Форум » Париж и окрестности » Что наша жизнь? Театр!, 17 июля 1627 года. в десятом часу вечера » Ответить

Что наша жизнь? Театр!, 17 июля 1627 года. в десятом часу вечера

Бутвиль:

Ответов - 45, стр: 1 2 3 All

Бутвиль: Всю дорогу до театра, довольно длинную для пешехода, Бутвиль промолчал, но молчание это имело разные оттенки. Поначалу он просто сердился на Эмили и пытался разобраться в своем отношении к ней, потом принялся прикидывать так и этак, каким образом добраться до короля. В театре это, в общем-то, было проще, нежели в Лувре. Конечно, у дверей будет охрана. Скорее всего, мушкетеры. Если среди них найдутся близкие приятели, то они не вспомнят, что граф де Люз в опале. Ну, а внутри точно будет кто-нибудь из родственников. Хорошо бы Шарлотта-Маргарита. Она слывет гордячкой, но со своими всегда добра и заботлива... Он уже представлял себе, как прекрасная принцесса Конде берет его за руку. ведет в королевскую ложу и... И тут же вспоминал, что охрана може оказаться и незнакомой, и мысли снова шли по кругу. Дома становились пониже, улицы пошире - самая древняя часть города когда-то кончалась здесь, а теперь вокруг большого рынка селились только торговцы да ремесленники - публика мирная, по ночам не шатается, - потому вокруг было пусто и шаги двух идущих прямо по мостовой людей гулко отдавались от стен.

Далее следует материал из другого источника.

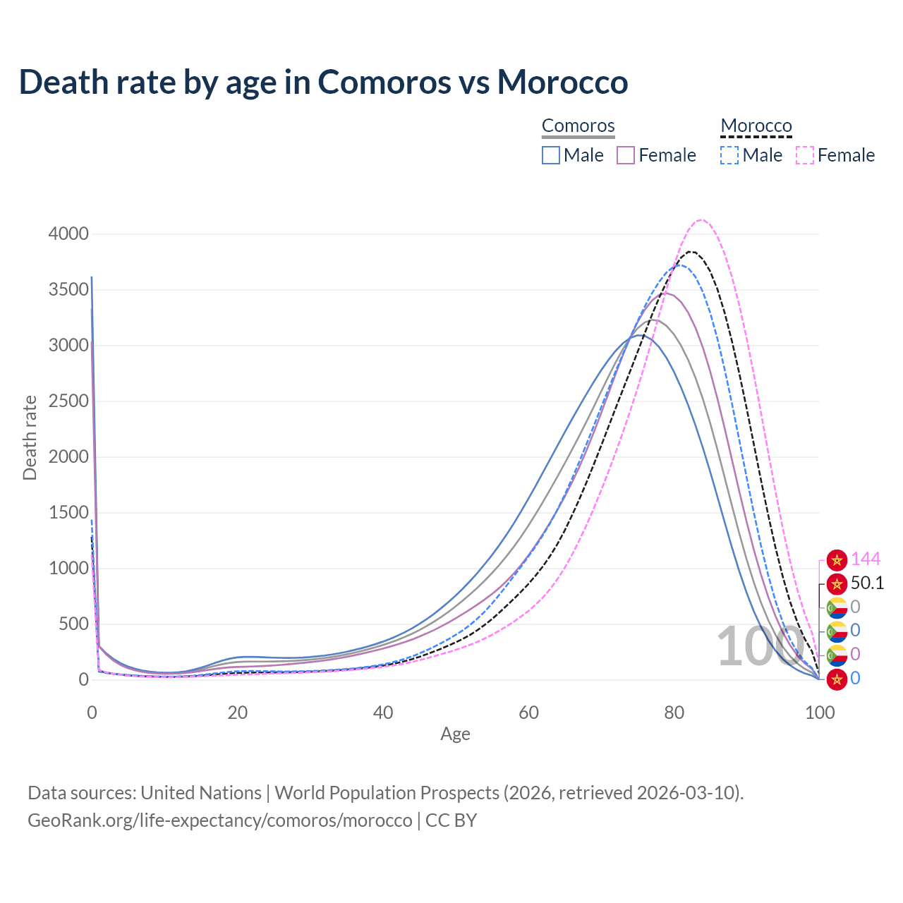 This life expectancy calculator shows the odds of living to 100, 95, 90, and below based on current age for both males and females in Comoros and Morocco, along with mean and median age of death. The calculations are based on the 2026 life tables (actuarial tables) from the UN World Population Prospects.

Наконец они вышли к театру и остановились. Вход был ярко освещен двумя фонарями. В их свете читалась большая афиша, прилепленная на стене: "Мандрагора, спектакль в новейшем вкусе. переложенный на французские нравы". Новинка. Мандрагора - это что-то колдовское. кажется? Неудивительно, что король пожелал, чтобы ему это показали. Хотя в любом случае ясно, к чему все сведется - к любви до гроба и коварной измене... Луи-Франсуа был не в том настроении, чтобы долго думать о театральных страстях. У него своих забот хватало. Главная же забота освещалась теми же фонарями очень явственно: мушкетеры, в картинно-небрежных позах стоявшие слева и справа от входа, под треугольным фронтоном с завитушками, были столь же мало знакомы. как и те, что дежурили в Лувре. - Ну вот, - сказал он, оборачиваясь наконец к Эмили. - Пришли, что называется. Король от нас в полусотне шагов, но по-прежнему недостижим...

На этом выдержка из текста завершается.